Jumping Badger walked the trail a step at a time. Waves washed the shore, and water dripped from the trees. A hundred paces ahead, he thought he glimpsed dark branches wavering through the fog. But as the twilight deepened, he couldn’t be sure of anything. They might be ghost legs, running to surround him.
The dead had been waiting for this moment. He had no torch. No light to keep them back. His knees shook.
Behind him, that accursed Rides-the-Bear whispered, “Elk Ivory wanted to attack in the darkness. It looks as if she will get her wish. Unfortunately, we can’t see them any better than they can see us.”
Jumping Badger held up a hand and clenched it to a fist, ordering silence.
He took another step.
Rides-the-Bear, Shield Maker, and the two other warriors moved with him, the sound of their moccasins too faint to be heard from more than three or four paces away.
Out on the lake, a goose honked, a distant, haunting
cry, as if the bird called to a lifelong mate who could suddenly no longer answer.

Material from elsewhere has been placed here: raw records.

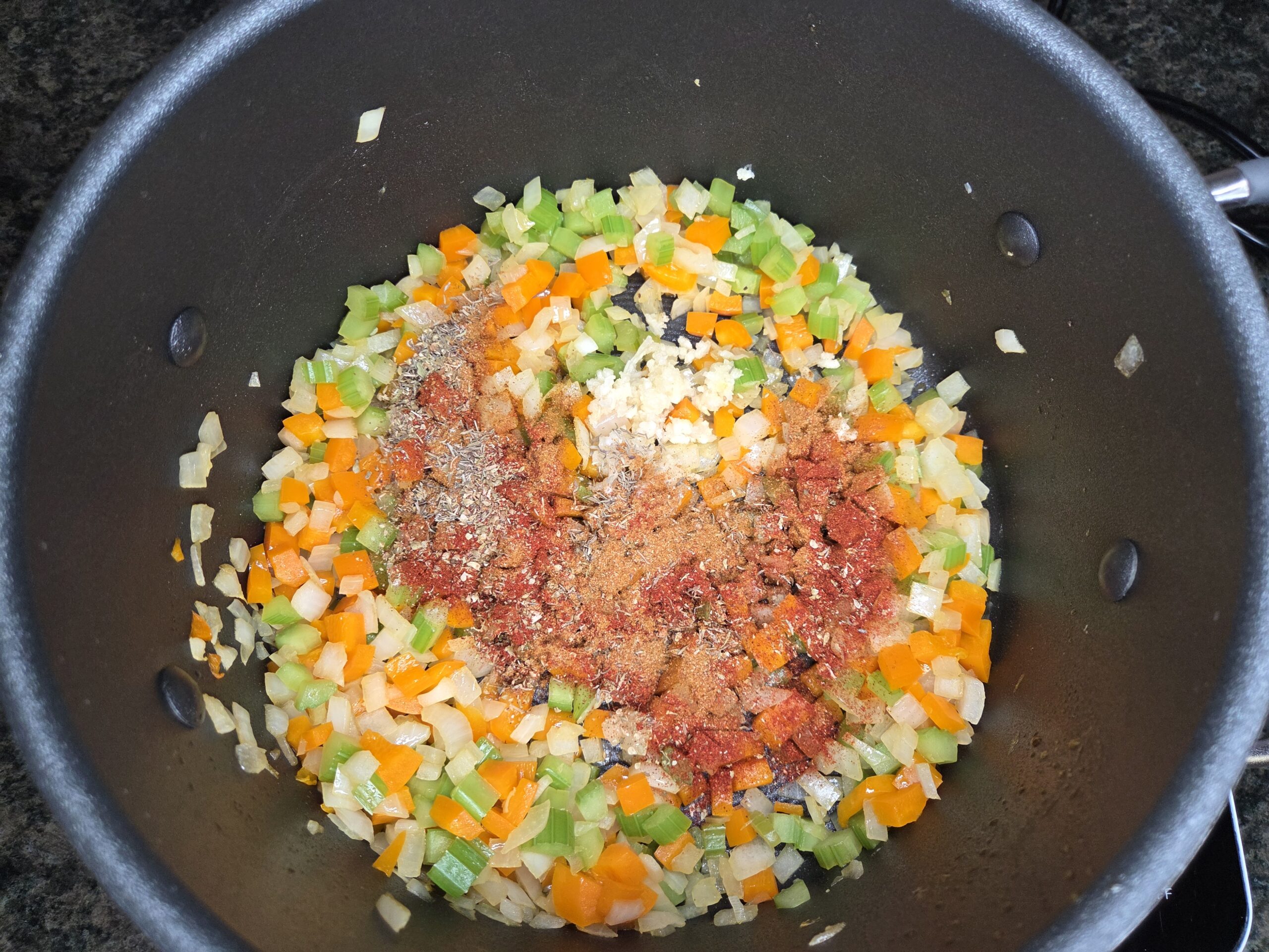 Add 3-4 minced garlic cloves to the pot, then stir in 1 teaspoon each of smoked paprika, dried thyme leaves, and dried oregano, along with 1/2 to 1 teaspoon of Cajun seasoning and 1 bay leaf. Cook just until the spices become fragrant, about a minute or two.
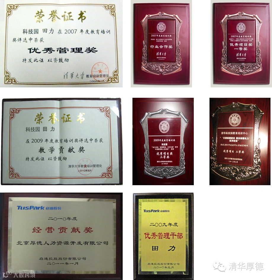 清华科技园教育培训中心在推广培训的过程中,坚持不做广告、不印招生简章、不发展和依靠招生代理。坚持口碑相传,坚守一个行业、深入服务一个行业,所有客户都是“回头客”。多年来持续荣获清华大学教育培训领域的多项奖励和荣誉。本文中列出了一部分获奖证书的照片。其中“战略之旅”工作坊课程荣获2009年度清华大学教学贡献奖。
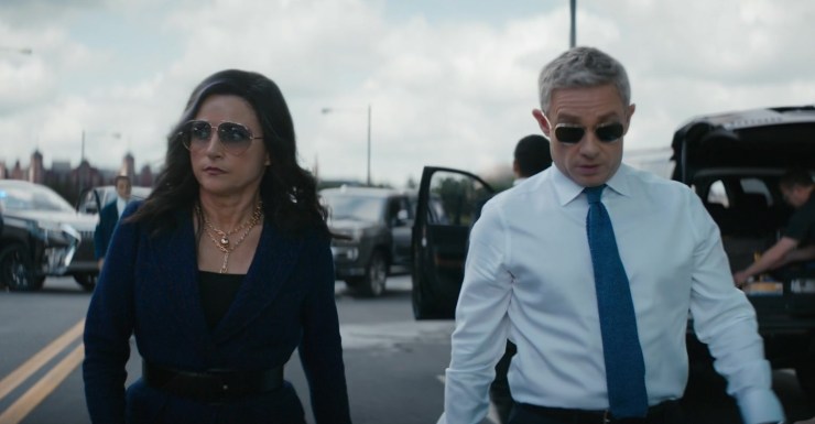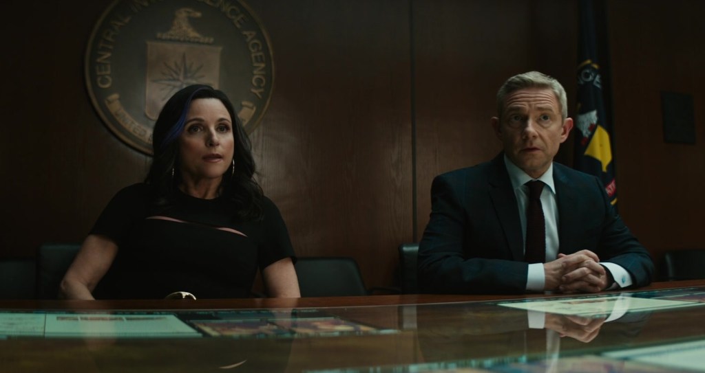 At this point in the world, forces are making their moves, and Earth is without a team to defend it, so the CIA, under the direction of Contessa Valentina Allegra de Fontaine (Julia Louis-Dreyfus), has been making moves of her own. She is gathering people to form her own team, and with her desire to get her hands on Vibranium, one can only imagine what she would do with it. Through her, we also learn more about Everett K. Ross (Martin Freeman), who has been slipping information to Wakanda under cover of darkness since they saved his life and spine. Valentina proves her cunning and awareness and uses her ex-husband towards her own ends. As Wakanda works to exist in a world that is seeking all of their secrets, and that which makes them a prosperous nation in what many around the world viewed as little more than a backwater country until recently, their government struggles to unite until they are driven into a corner by Talokan. Old issues rear their heads and alliances shift like the sand beneath the waves, honing in on the weaknesses as much as the strengths of each respective country – the United States, Wakanda, and Talokan.
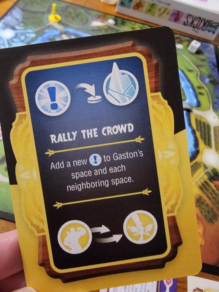 This card indicates you’ll play a Villager in the icy zone of the board, add a Villager to Gaston’s space and on either side of his piece. Then move his piece two spaces closer to Lumiere.
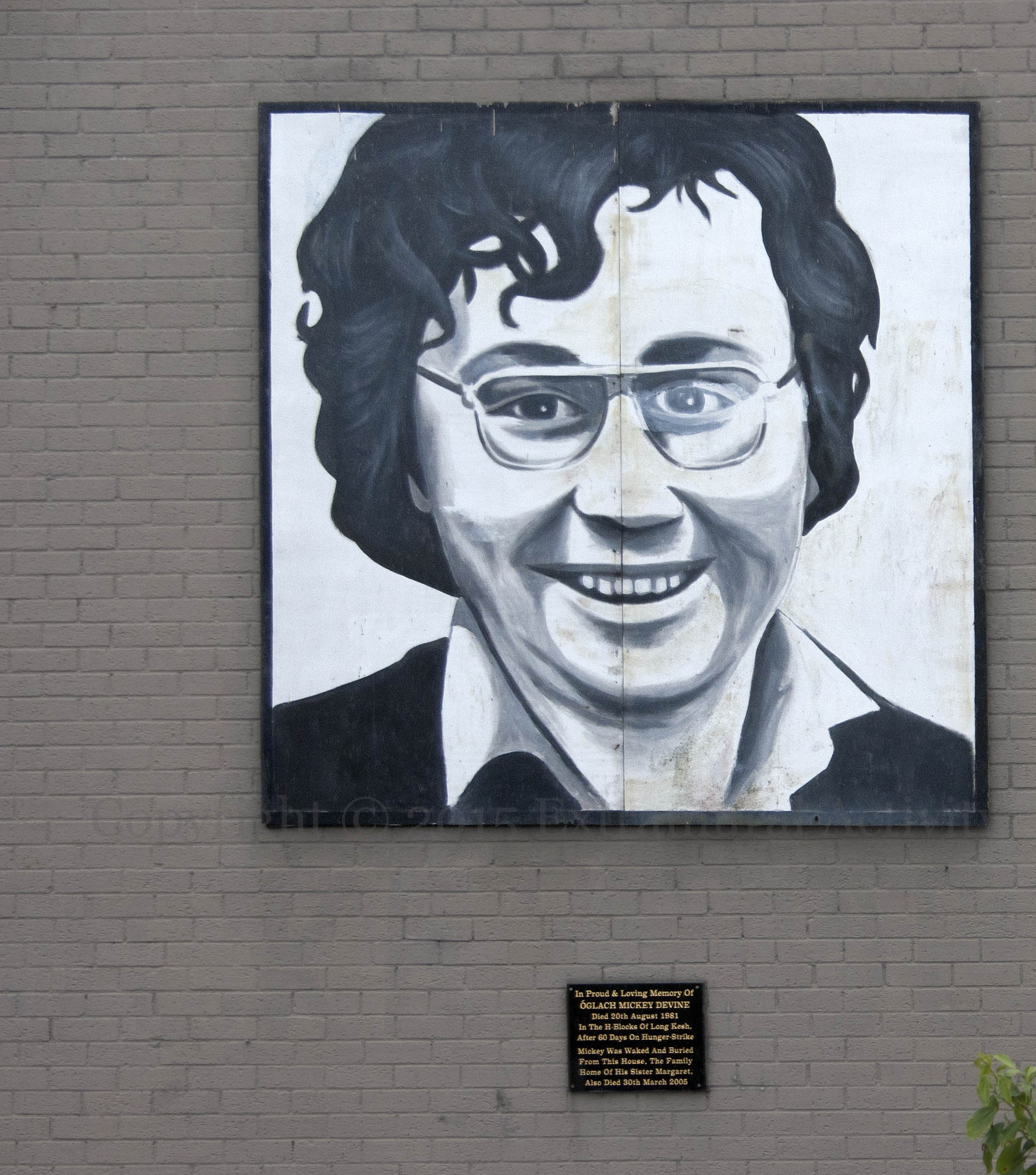 “In proud and loving memory of Óglach Mickey Devine. Died 20th August 1981 in the H-Blocks of Long Kesh after 60 days on hunger-strike. Mickey was waked and buried from this house [in Rathkeele Way, Derry], the family home of his sister Margaret. Also died 30th March 2005.” For an image of the open coffin within the house, see this An Phoblacht article. Here is a Guardian interview with Margaret (Devine) McCauley.
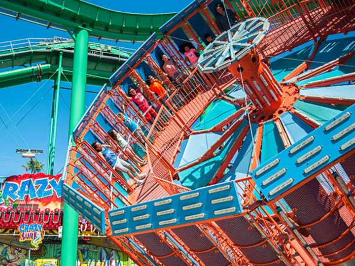 The Cyclone is also a large disk. It has tall walls all around where people stand. The disk rotates and swivels. Centrifugal force causes one to stick to the walls.
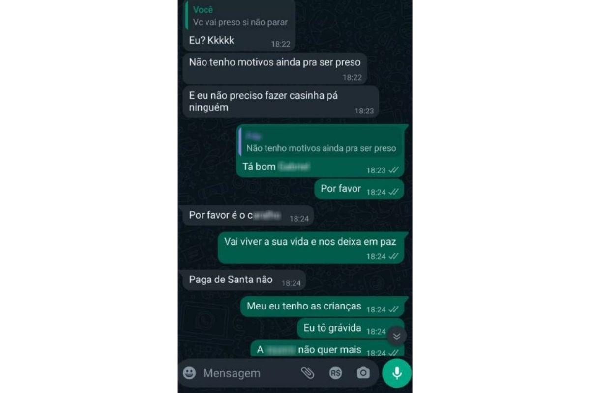 Em um print que mostra a troca de mensagens, ela alerta que ele pode ser preso, mas ele responde que ainda não tem motivos para ser preso. Em seguida ela volta a pedir que ele se afaste da filha, dizendo que ela não quer mais se relacionar com ele. Já em outro trecho, ela afirma que ele já bateu muito nela e pede que ele aceite o fim da relação.
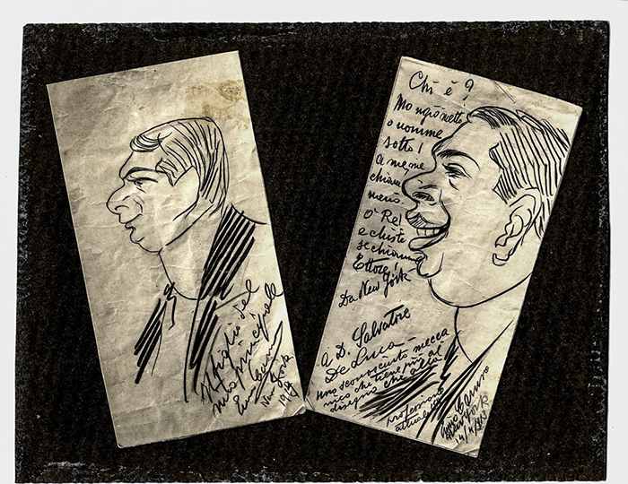 Nella prima caricatura si legge: Il figlio del / mio principale / Enrico Caruso / New York / 1913 [corretto]. L’altra è scritta in dialetto napoletano (con la rima tra “ò Re” ed “Ettore”): “Chi è? / Mo ngiò metto / o nomme / sotto! / A me, me / cham / meno ò Re! / e chiste / se chiamma Ettore! / Da New York / a D. Salvatore / De Luca / uno sconosciuto mecca / nico che tiene più al / disegno che alla / professione attuale / Enrico Caruso / New York / 14/4/913”. Curioso oggetto che ricorda l’adolescenza e gli inizi difficili del tenore. Infatti della fonderia della famiglia De Luca - all’Arenaccia – il giovanissimo Caruso lavorò come apprendista prima di diventare un celebre cantante.

Jumping Badger stopped, slipped his pack from his shoulders, and let it down easy onto the sand. He gestured for his warriors to do the same. In a dangerous situation, the weight of a pack could unbalance a warrior and make his arrow go awry. None of them would take chances tonight. Especially him. He would be fighting for his life against the living and the dead.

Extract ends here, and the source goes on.